前述のポリペプチドのフラグメント、誘導体、アナログまたはバリアントおよびそれらの任意の組み合わせもまた、本発明のポリペプチドとして含められる。用語「フラグメント」、「バリアント」、「誘導体」および「アナログ」は、本発明の抗体または抗体ポリペプチドについて言及されるとき、対応する天然の抗体またはポリペプチドの抗原結合特性の少なくともいくつかを保持する任意のポリペプチドを含む。本発明のポリペプチドのフラグメントは、本明細書中の他の箇所で述べられる特定の抗体フラグメントに加えて、タンパク分解性フラグメント、ならびに欠失フラグメントを含む。本発明のC35抗体およびC35抗体ポリペプチドならびに/またはHER2抗体およびHER2抗体ポリペプチドのバリアントは、上に記載されたようなフラグメント、およびアミノ酸の置換、欠失または挿入に起因して変更されたアミノ酸配列を有するポリペプチドも含む。バリアントは、天然に存在するものであってもよいし、または天然に存在しないものであってもよい。天然に存在しないバリアントは、当該分野で公知の突然変異誘発手法を用いて生成され得る。バリアントポリペプチドは、保存的または非保存的なアミノ酸の置換、欠失または付加を含み得る。それらの抗体のバリアントは、その抗体のヒト化バージョン、ならびに親和性成熟されているかまたは親和性最適化された抗体を含む。親和性最適化は、当該分野で周知の通例の方法によって行われ得る。あるいは、本発明の抗体の親和性を高めるための好ましい方法は、US2002/0123057A1に開示されている。本発明のC35抗体およびC35抗体ポリペプチドならびに/またはHER2抗体およびHER2抗体ポリペプチドの誘導体は、天然のポリペプチドに見られないさらなる特徴を示すように変更されたポリペプチドである。例としては、融合タンパク質が挙げられる。本明細書中で使用されるとき、C35抗体およびC35抗体ポリペプチドならびに/またはHER2抗体およびHER2抗体ポリペプチドの「誘導体」とは、官能性側基の反応によって化学的に誘導体化された1つ以上の残基を有する対象のポリペプチドのことを指す。20個の標準的なアミノ酸の1つ以上の天然に存在するアミノ酸誘導体を含むペプチドもまた、「誘導体」に含められる。例えば、4−ヒドロキシプロリンは、プロリンの代わりに用いられ得;5−ヒドロキシリシンは、リシンの代わりに用いられ得;3−メチルヒスチジンは、ヒスチジンの代わりに用いられ得;ホモセリンは、セリンの代わりに用いられ得;そしてオルニチンは、リシンの代わりに用いられ得る。

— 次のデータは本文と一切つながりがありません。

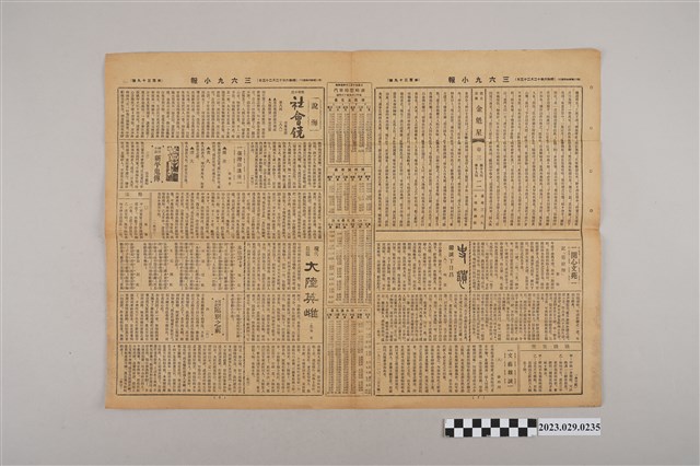 1.本物件為三六九小報社所發行《三六九小報》第百三十九號,發行人為趙雅福,報紙正面刊登伯壎齒科醫院、振益商店及永安公司等廣告,背面為雜爼專欄、詩壇專欄以及花叢小記等文章,翻開內頁則為社會鏡、大陸英雄、金魁星等若干長篇連載,內頁中間印有汽車時刻表。2.《三六九小報》發行時間至昭和5年 (1930)至昭和10年 (1935)。旨以刊登戲謔、針貶時事之文,反映當時的社會狀況。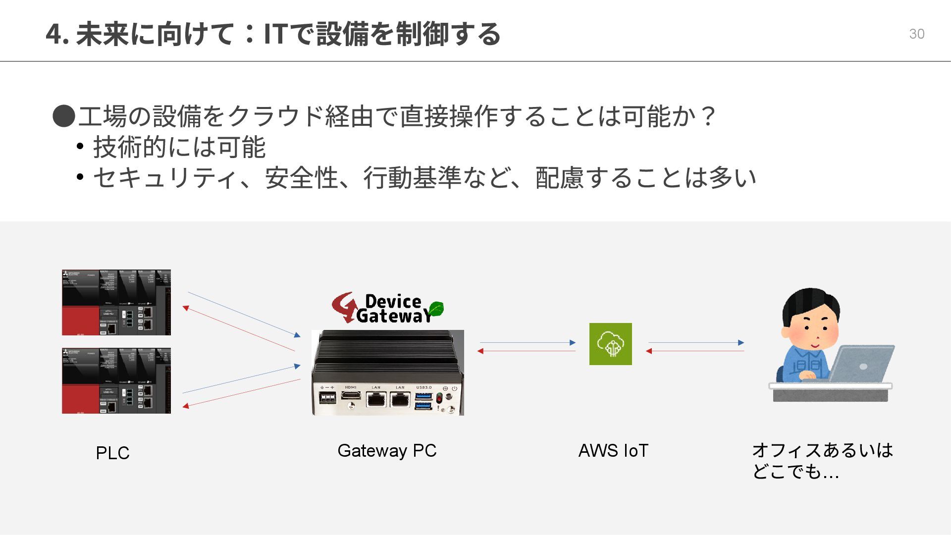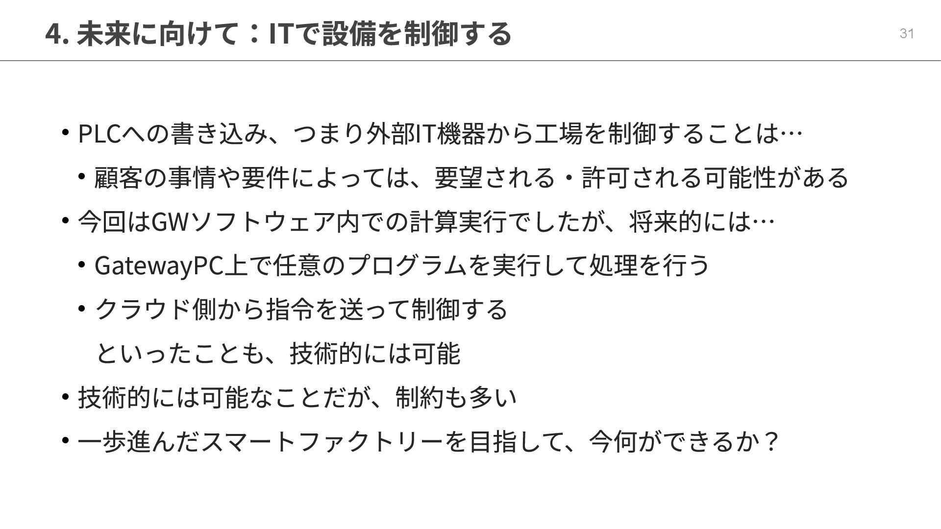 23. 4. 未来に向けて:ITで設備を制御する 31  PLCへの書き込み、つまり外部IT機器から工場を制御することは…  顧客の事情や要件によっては、要 望される・許可される可能性がある  今回は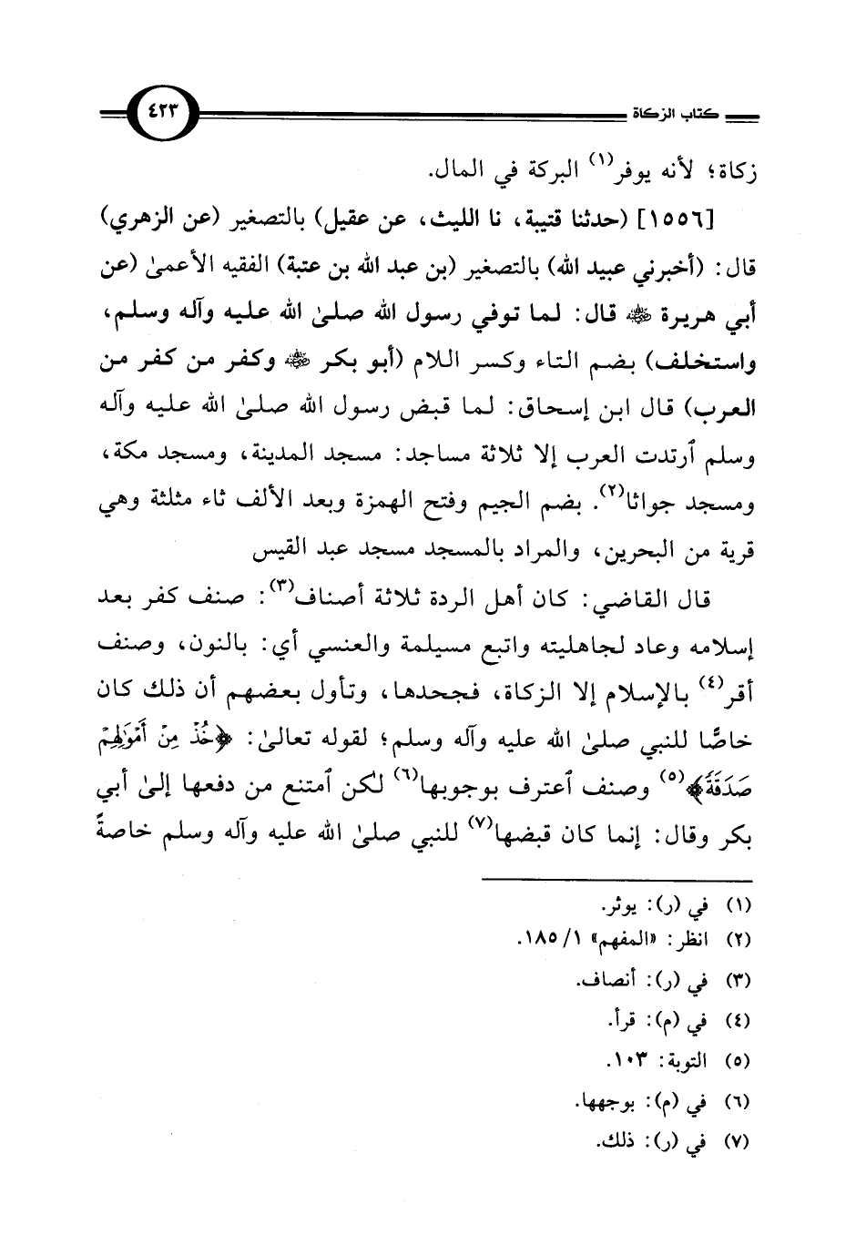 [1556] (حدثنا قتيبة، نا الليث، عن عقيل) بالتصغير (عن الزهري) قال: (أخبرني عبيد الله) بالتصغير (بن عبد الله بن عتبة) الفقيه الأعمى (عن أبي هريرة - رضي الله عنه - قال: لما توفي رسول الله صلى الله عليه وآله وسلم، واستخلف) بضم التاء وكسر اللام (أبو بكر - رضي الله عنه - وكفر من كفر من العرب) قال ابن إسحاق: لما قبض رسول الله صلى الله عليه وآله وسلم ارتدت العرب إلا ثلاثة مساجد: مسجد المدينة، ومسجد مكة، ومسجد جواثا (¬2). بضم الجيم وفتح الهمزة وبعد الألف ثاء مثلثة وهي قرية من البحرين، والمراد بالمسجد مسجد عبد القيس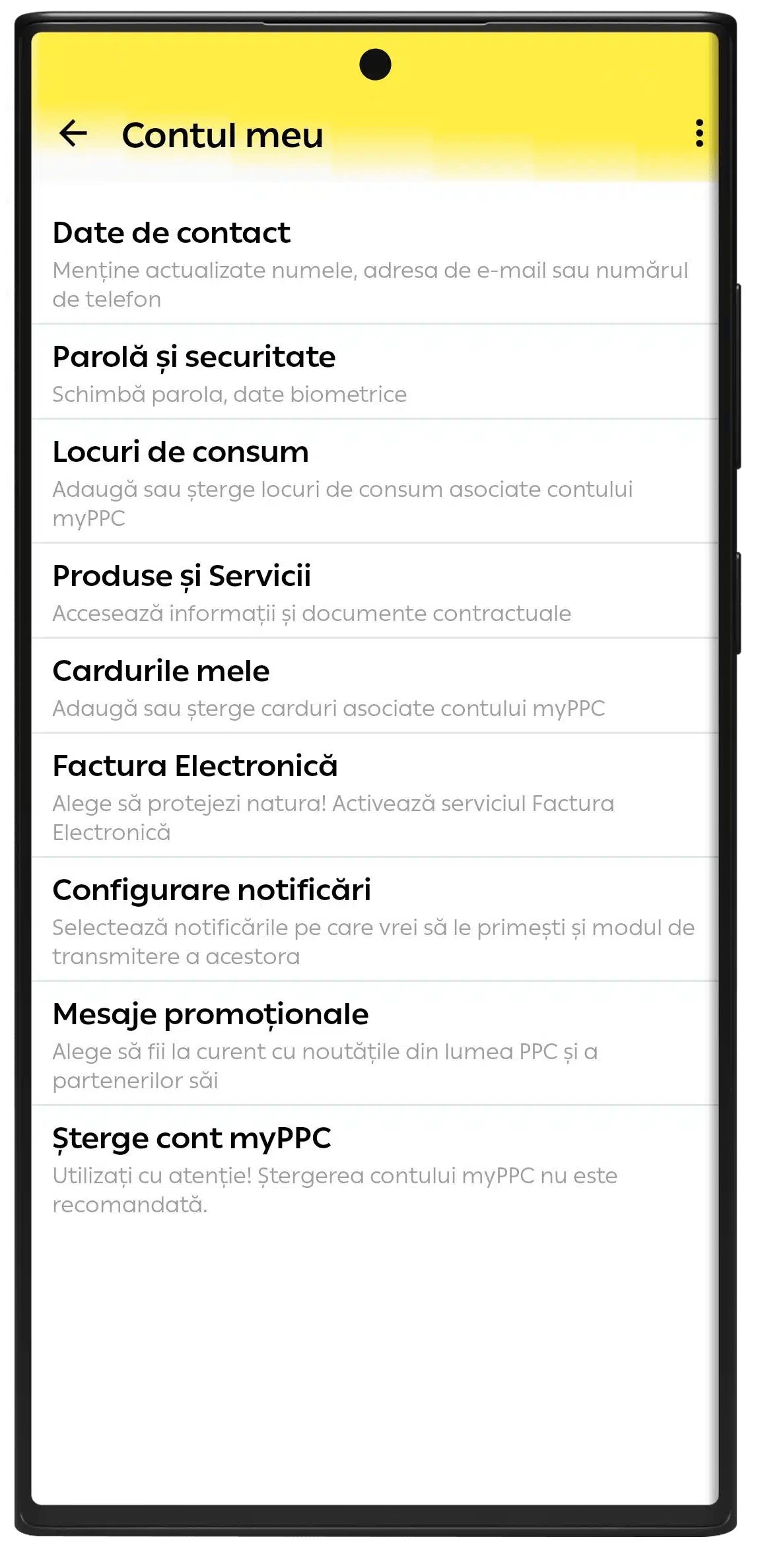 Bár a különleges adatok (Személyi azonosító szám – CNP – természetes személyek esetében, Egyedi regisztrációs kód – CUI – jogi személyek esetében, nemzetközi formátumú mobiltelefonszám és e-mail cím) olyan adatok, amelyek az energiaellátási szerződésen is szerepelnek, a myPPC alkalmazás felhasználójának regisztrációjához szükségesek. Ez lehet a szerződéstulajdonos, de lehet a háztartás egy másik tagja is, aki szeretne hozzáférni az alkalmazásban található lehetőségekhez, de nem a szerződéstulajdonos.

用語「ポリヌクレオチド」は、単数の核酸ならびに複数の核酸を包含すると意図され、そして単離された核酸分子または核酸構築物、例えば、メッセンジャーRNA(mRNA)またはプラスミドDNA(pDNA)のことを指す。ポリヌクレオチドは、従来のホスホジエステル結合または非従来的な結合(例えば、ペプチド核酸(PNA)に見られるようなアミド結合)を含み得る。用語「核酸」とは、ポリヌクレオチドに存在する任意の1つ以上の核酸セグメント、例えば、DNAまたはRNAフラグメントのことを指す。「単離された」核酸またはポリヌクレオチドは、その天然の環境から取り出された核酸分子、DNAまたはRNAと意図される。単離されたポリヌクレオチドのさらなる例としては、異種の宿主細胞内に維持されている組換えポリヌクレオチド、または溶液中の精製された(部分的または実質的に)ポリヌクレオチドが挙げられる。単離されたRNA分子には、本発明のポリヌクレオチドのインビボまたはインビトロにおけるRNA転写物が含まれる。本発明に記載の単離されたポリヌクレオチドまたは核酸は、合成的に生成されたそのような分子をさらに含む。さらに、ポリヌクレオチドまたは核酸は、調節エレメント(例えば、プロモーター、リボソーム結合部位または転写ターミネーター)であり得るか、またはそれらを含み得る。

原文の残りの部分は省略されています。